Still, 6 months. I feel pretty discouraged. It's not like I feel good or even decent on this dose of HC, or on steroids at any dose. And there's this long chain reaction that the steroids maintain. While I'm on them I can't lose weight. If I can't lose weight the increased intracranial pressure persists, which is a problem by itself but also keeps me on a diuretic. If I can't lose weight the lower extremity swelling is much worse, which keeps me on a second diuretic. And if I can't lose weight I have sleep apnea (though it's still undiagnosed), which makes me exhausted, increases the risk of other conditions and ironically, prevents weight loss. Being exhausted means I can't exercise or function much..... You see how it goes. "Another 6 months" feels like a prison sentence. :sad:

And there's another stupid twist: I just finished rtx, which starts wearing off in about 7 months. So just when we'll (hopefully) be tapering the HC, the Wegs will be waking up, making it impossible to tell if symptoms are due to the HC-taper or Wegs activity. This is upsetting, to say the least. I'm gonna have to just ignore my hopes and fears and stay in the present moment, even though right now I really just want to cry.

Brooke
07-14-2012, 03:34 AM
Hi Sangye - I haven't posted in a while but still read some posts here and there.
I am sorry you are feeling so lousy, please stay strong and have hope that things will improve as I'm sure they will!

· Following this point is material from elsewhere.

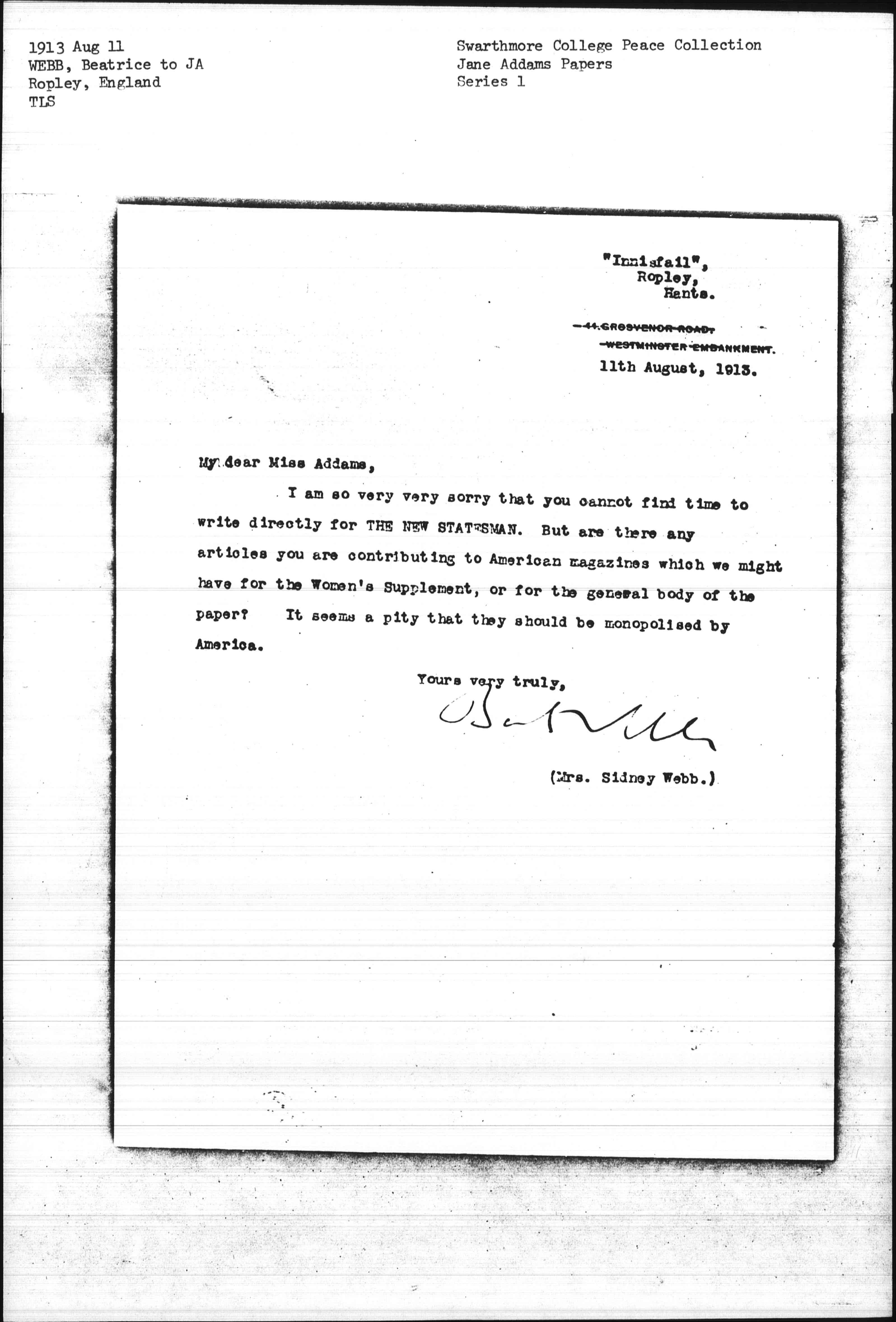 I am so very very sorry that you cannot find time to write directly for THE NEW STATESMAN. But are there any articles you are contributing to American magazines which we might have for the Women's Supplement, or for the general body of the paper? It seems a pity that they should be monopolized by America.

I know it seems like a long and bumpy road but just look at where you have been at in the past. Big hugs to you!!!:hug2:

Sangye
07-14-2012, 03:43 AM
Thanks Brooke. I just don't feel very optimistic right now. Things haven't improved in a long time. My last rtx infusion was on June 26, making it 6 years since being dx'ed and being able to work. It really got me down.

Brooke
07-14-2012, 03:49 AM
I understand, it is hard to stay positive and be optimistic when you are feeling so crumby. My thoughts are with you and I hope you start feeling better very soon! We are all here for you to express your thoughts, anger, worries and whatever else is on your mind.
Not trying to shine the light on me, but I have some good news of myself, I am pregnant! Just found out on July 5th.

Sangye
07-14-2012, 03:56 AM
Wow! I'm so happy for you, Brooke! I know how long you two have wanted a second child. Due date?

Brooke
07-14-2012, 04:03 AM
Thank you Sangye. Due date is March 18th. Instead of trying fertility medications, we decided to do Intrauterine Insemination, did that on June 25th.

pberggren1
07-14-2012, 06:10 AM
If I was there Sangye I would give you a big hug and not let go.

Congratulations Brooke!

Jaha
07-14-2012, 06:22 AM
Sangye,

I really am sorry that you don't have good news. This all stinks, it is like being on a rollercoaster ride that never stops. Up and down,up and then back down again. It's enough to exhaust one the emotional parts of wegs and the constant changing of tx plans. I know you have had a very hard 6yrs and I am only on 2yrs of this **** and am already so tired and completely drained at times. You are an inspiration to me, to go on fighting this ugly battle.Please stay strong and know how much you have helped others along your journey. Pet and love on your dogs, that always makes me feel a little better. Hang in there!
Jana

PS Congrats to you Brooke!

Sangye
07-14-2012, 06:26 AM
Thanks so much, Jana. :smile1:

Al
07-14-2012, 07:41 AM
Oh, Sangye. Such a bummer. So much of this crap is a raw deal that it would be nice, once in a while, to get some good news. I presume you tell your dogs all that is going through your mind. (We care, too, of course, but they get to see you more often!) Please keep telling us your feelings....

Al

Al
07-14-2012, 07:42 AM
Thank you Sangye. Due date is March 18th. Instead of trying fertility medications, we decided to do Intrauterine Insemination, did that on June 25th.But this is really great, Brooke. There is huge love in new life.

Al

Debbie C
07-15-2012, 01:51 PM
Sangye, I too am sorry to hear about all the crap you are going thru,but u have to think positive. Who's to say after the next seven months the wegs dog will wake up. Maybe this round of RTX will calm him down for awhile and you can start reducing your steroids. I will say a special pray for u in church tomorrow that all this will work out sooner than u expect. In the meantime like Al said keep talking to your dogs,they know what going on

annekat
07-16-2012, 01:56 AM
Oh, Sangye, I'm so sorry about your latest news and that you are feeling so down about it. But I'm glad you shared it, including every bit of discouragement you are feeling, as that is an important part of getting through it. As usual, I learned some things from your post and found some things to look up (e.g. intracranial pressure). Even when you are feeling down you manage to present information that can help the rest of us to understand Wegs. I hope your state of mind improves after some rest and enjoying your dogs and other simple pleasures of life.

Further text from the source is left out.